──────── ENTRIES SUPPLIED ────────

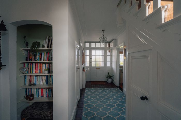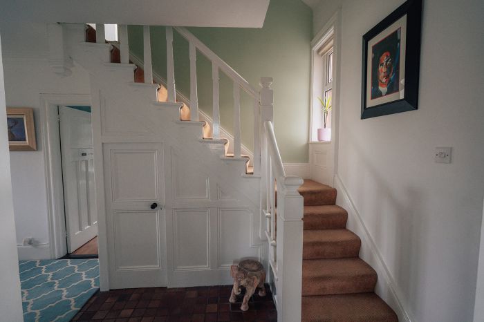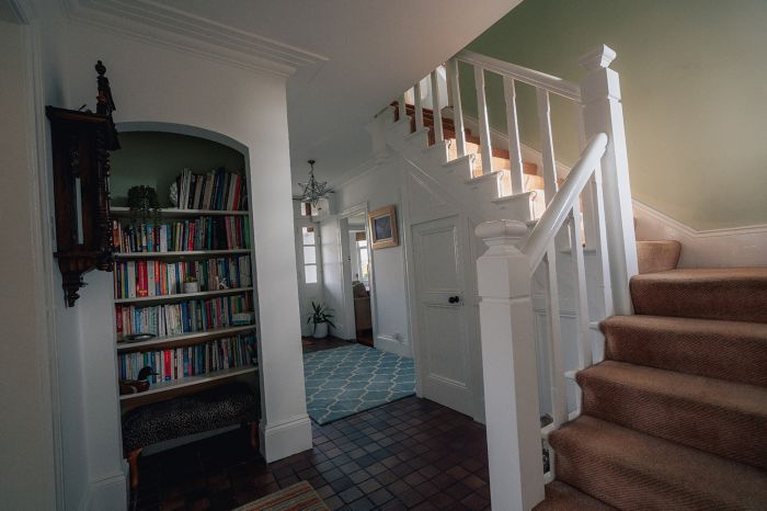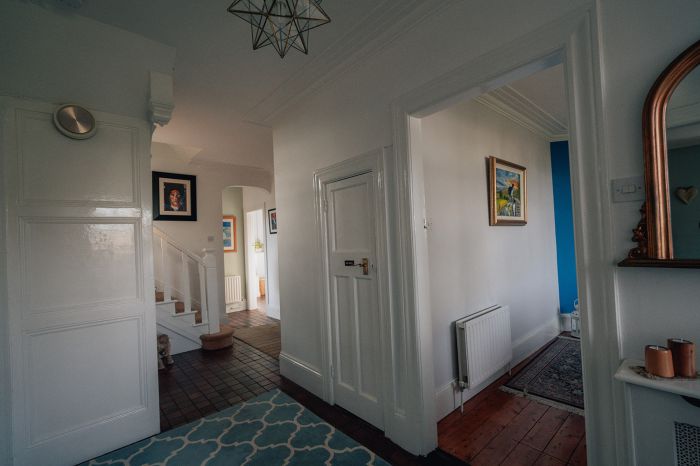 Spacious hallway with built in storage and hotpress, original stone floor, panelled doors and feature cornice.
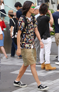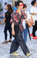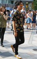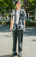 スケーター風のファッションにもアロハシャツは欠かせない。大人...
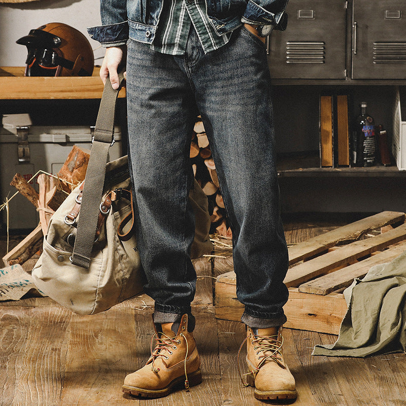 The VAAGOON Dark Wave pants are a stylish model that combines the Ami Haki style with a dark blue tone and American retro stripes. Made from fine cotton fabric, these straight-leg pants offer both elegance and practicality with their three-dimensional cut details and zipper pocket opening. The mid-rise waist and non-iron treatment provide all-day comfort for leisure activities.
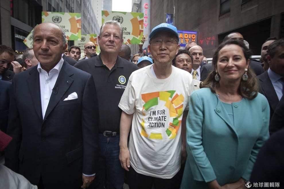 法國外交部長法比斯(左一,Laurent Fabius)、前美國總統候選人高爾(左二)、聯合國秘書長潘基文(右二)、法國環境部部長蘿瑤(右一,Segolene Royal)。
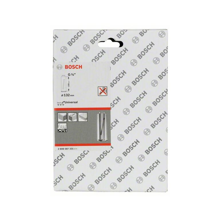 Bosch Diamanttrockenbohrkrone G 1/2 Zoll, Best for Universal, 132 mm, 150 mm, 6, 7 mm (2 608 587 331)
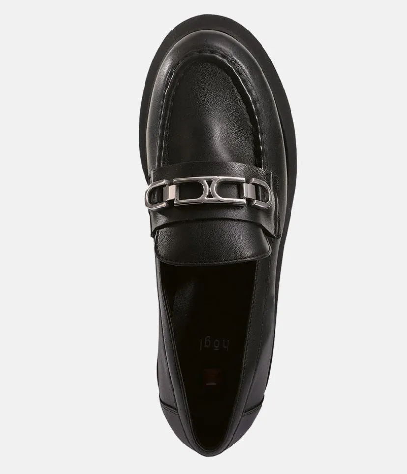 These Gorgeous leather loafers from Hogl with a decorative link detail are modern styling wonders. The classic, design with emphasised block heels add the perfect finishing touch to trousers with wide cut legs or dress- or skirt-based outfits. An essential companion this season.
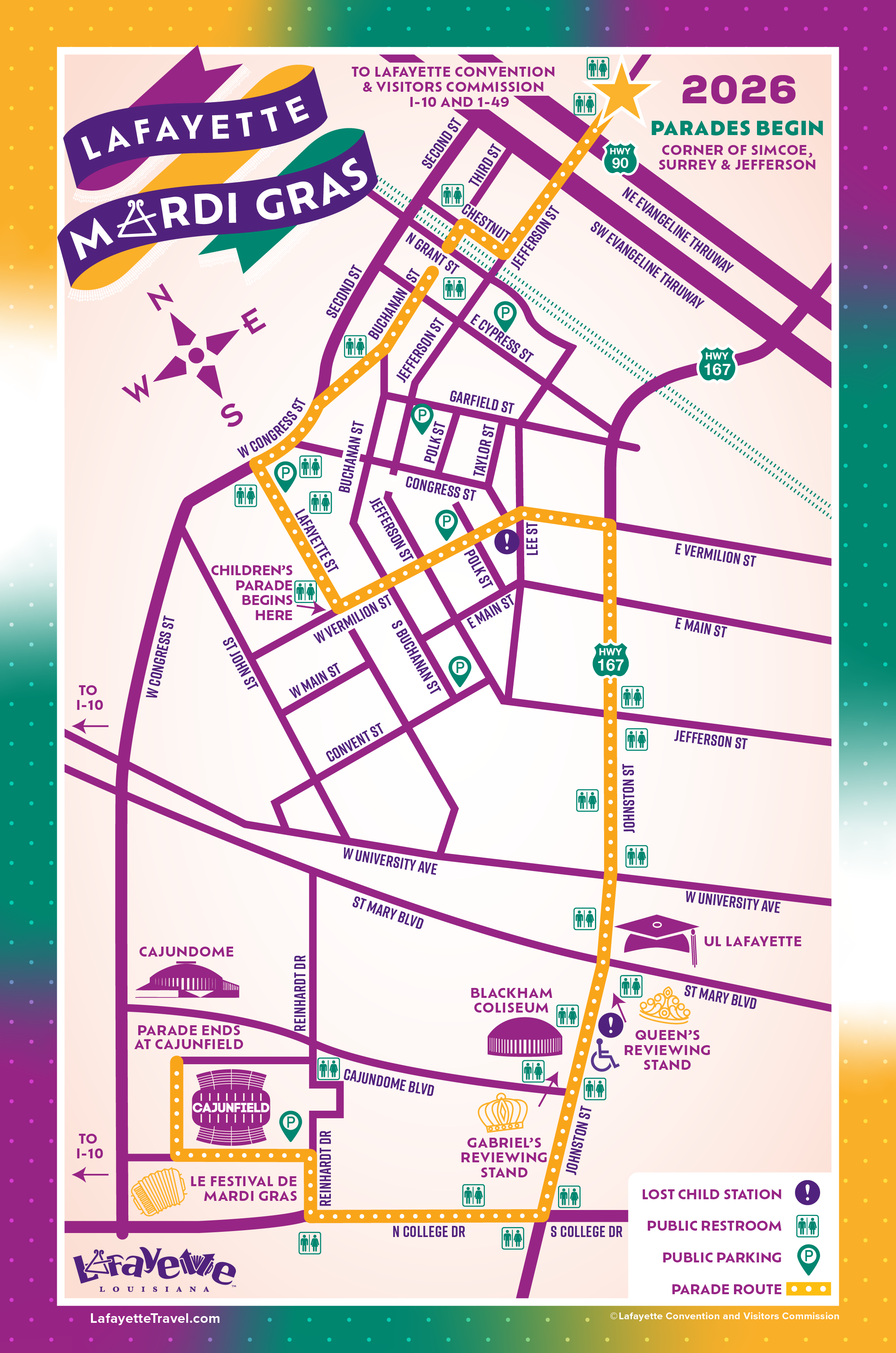Official parade routes, schedules, parking maps, barricade locations, and safety information are available at lafayettela.gov/mardigras. LCG wishes everyone a safe and happy Mardi Gras!
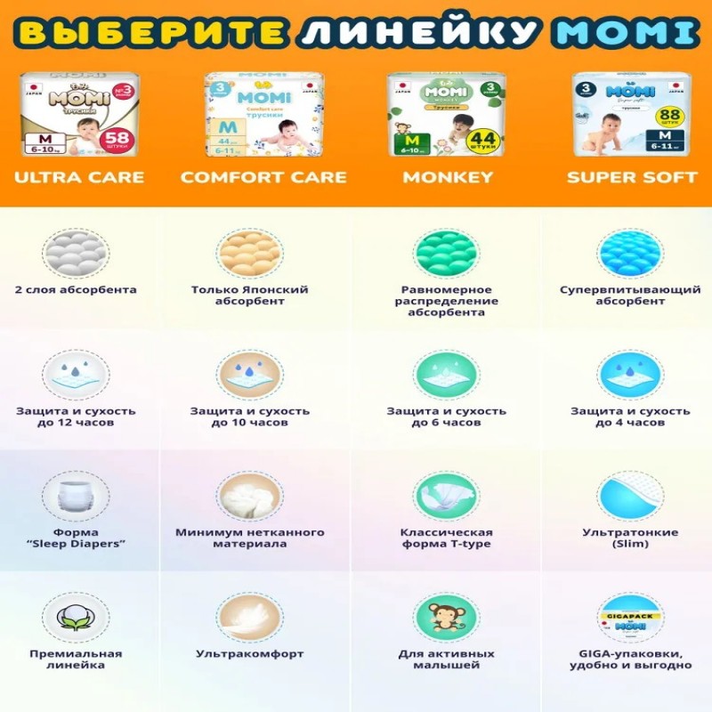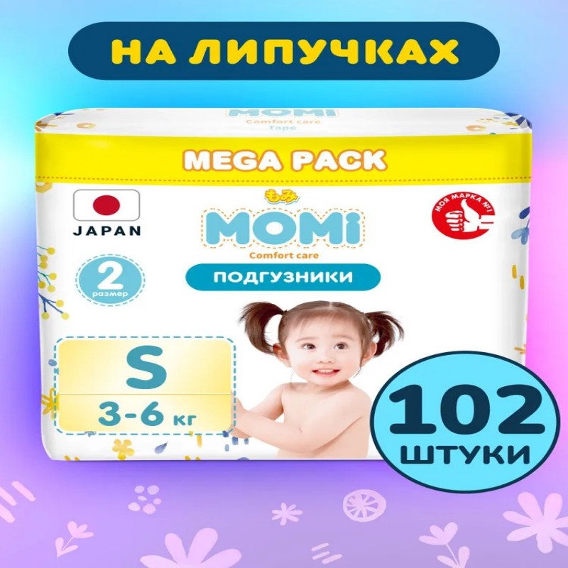 Momi Подгузники детские 3-6 кг размер 2 S 102шт Comfort Care MEGA pack
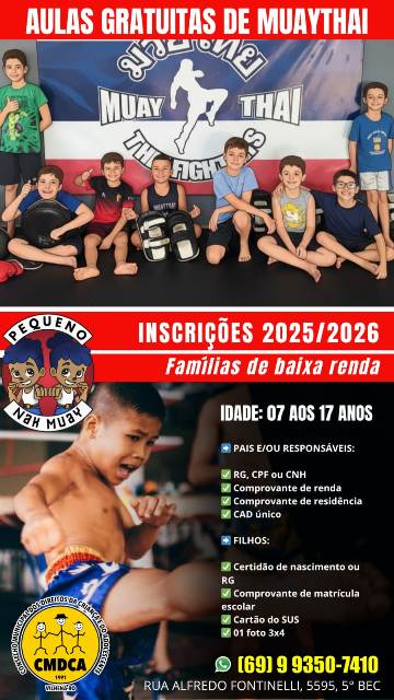 A Associação Vilhenense de Muaythai anunciou a abertura de 50 vagas gratuitas para o projeto “Pequeno Nak Muay”, voltado à formação esportiva e social de crianças e adolescentes entre 7 e 17 anos. As inscrições já estão abertas para os anos de 2025 e 2026, oferecendo uma oportunidade única de acesso gratuito à prática do Muaythai — uma arte marcial tailandesa que combina técnicas de socos, chutes, joelhadas, cotoveladas e projeções.
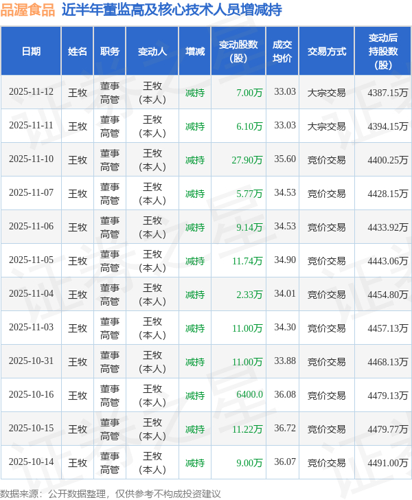 品渥食品:11月12日高管王牧减持股份合计7万股

────────

PROBLEM — Find the line containing "Official parade routes, schedules, parking" in the listing above. Please restate word for word that line through the last one, leaving out the pictures.

RESPONSE TO THE EXERCISE —
Official parade routes, schedules, parking maps, barricade locations, and safety information are available at lafayettela.gov/mardigras. LCG wishes everyone a safe and happy Mardi Gras!
 Momi Подгузники детские 3-6 кг размер 2 S 102шт Comfort Care MEGA pack
 A Associação Vilhenense de Muaythai anunciou a abertura de 50 vagas gratuitas para o projeto “Pequeno Nak Muay”, voltado à formação esportiva e social de crianças e adolescentes entre 7 e 17 anos. As inscrições já estão abertas para os anos de 2025 e 2026, oferecendo uma oportunidade única de acesso gratuito à prática do Muaythai — uma arte marcial tailandesa que combina técnicas de socos, chutes, joelhadas, cotoveladas e projeções.
 品渥食品:11月12日高管王牧减持股份合计7万股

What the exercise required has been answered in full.